Instructions for the task: Every line from the one containing "- Ansprechendes Polsterbett" through the end of the listing below must be given again exactly, and nothing else; exclude pictures.

Data shown:
----
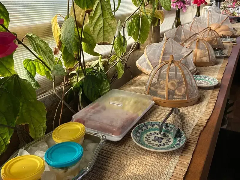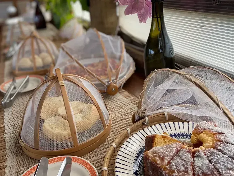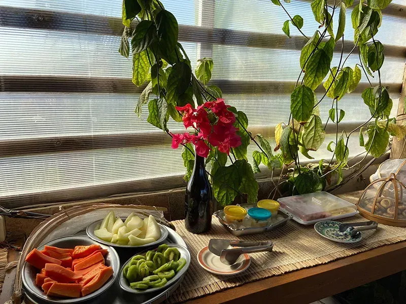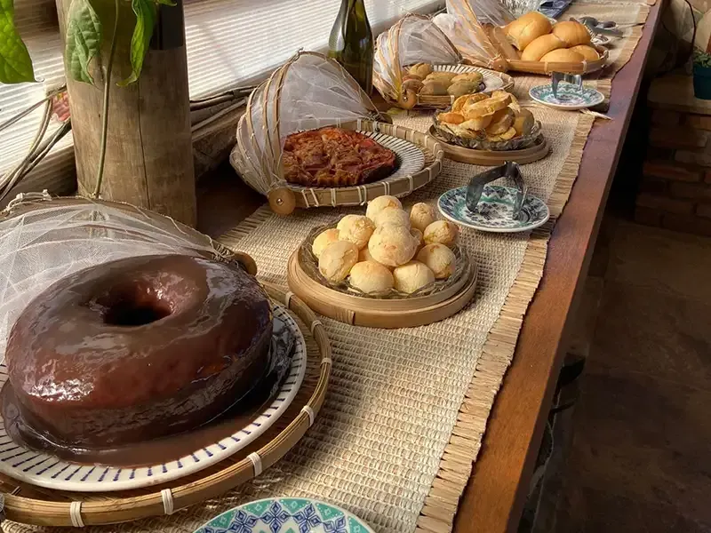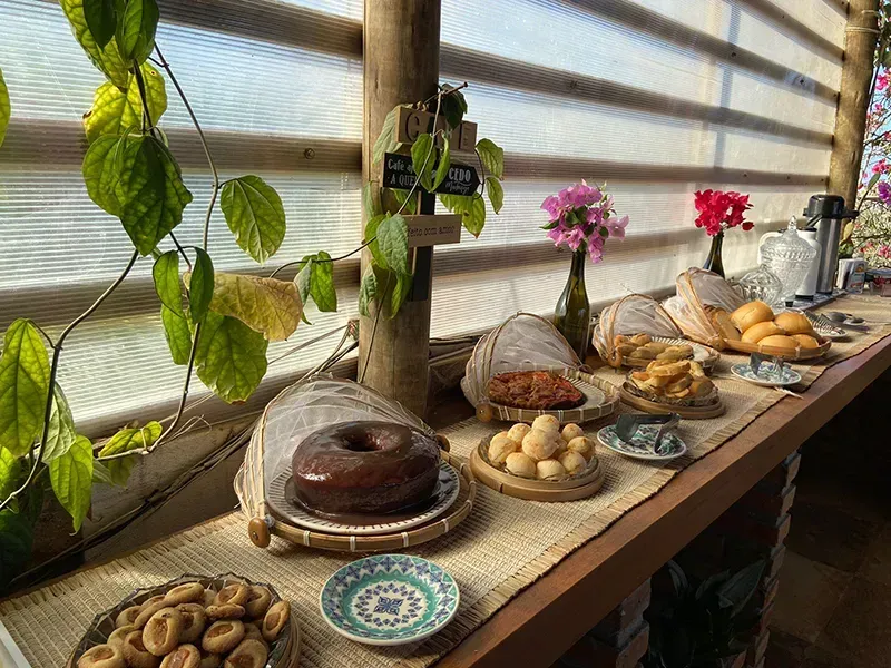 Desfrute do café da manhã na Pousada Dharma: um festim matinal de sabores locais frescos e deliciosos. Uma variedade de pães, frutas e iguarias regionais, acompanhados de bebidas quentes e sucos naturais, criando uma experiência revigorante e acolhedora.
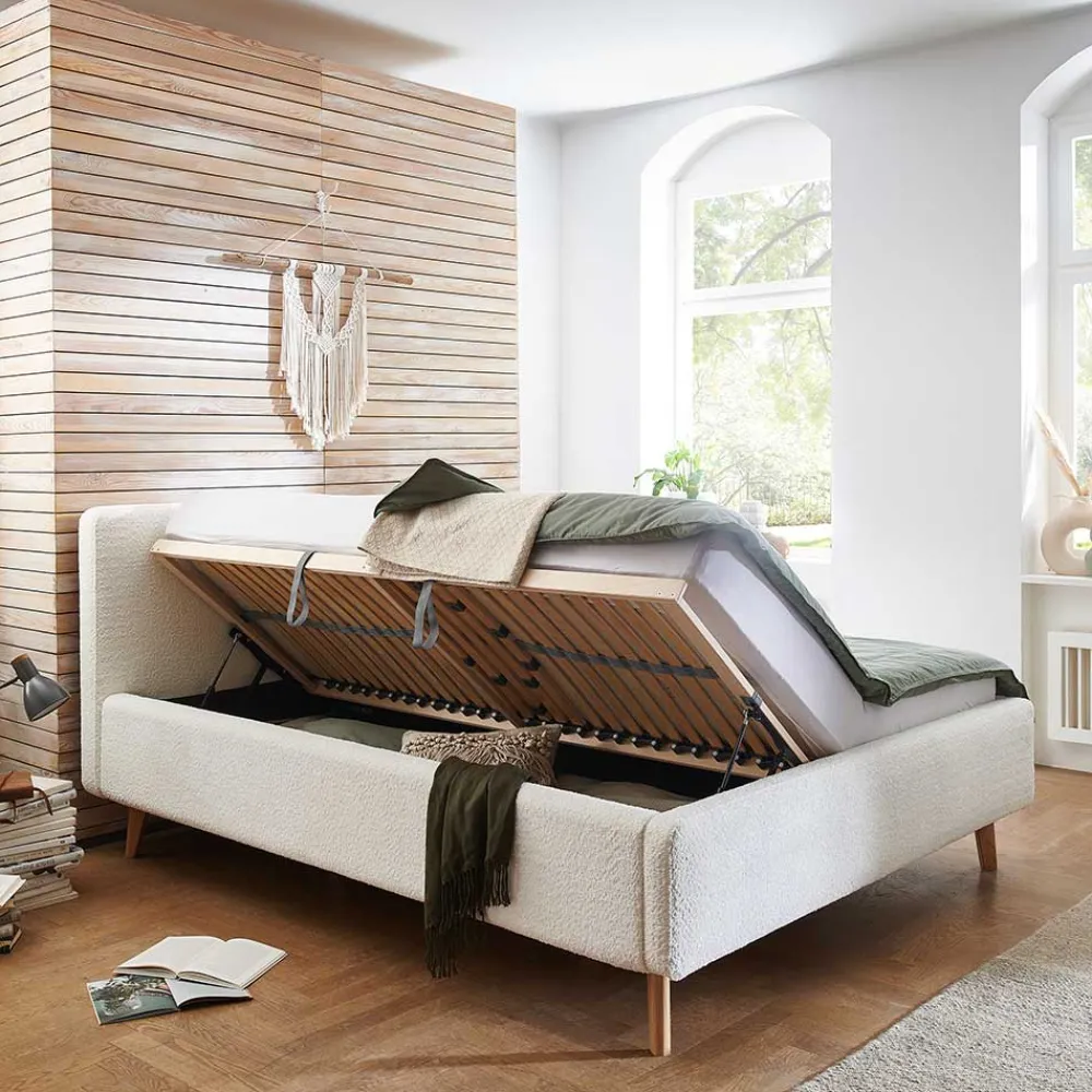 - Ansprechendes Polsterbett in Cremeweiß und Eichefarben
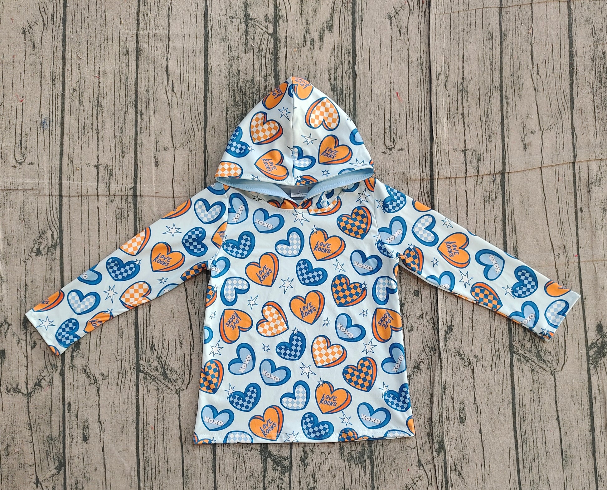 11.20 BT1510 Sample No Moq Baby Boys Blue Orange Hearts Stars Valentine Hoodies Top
----
Answer section:
 - Ansprechendes Polsterbett in Cremeweiß und Eichefarben
 11.20 BT1510 Sample No Moq Baby Boys Blue Orange Hearts Stars Valentine Hoodies Top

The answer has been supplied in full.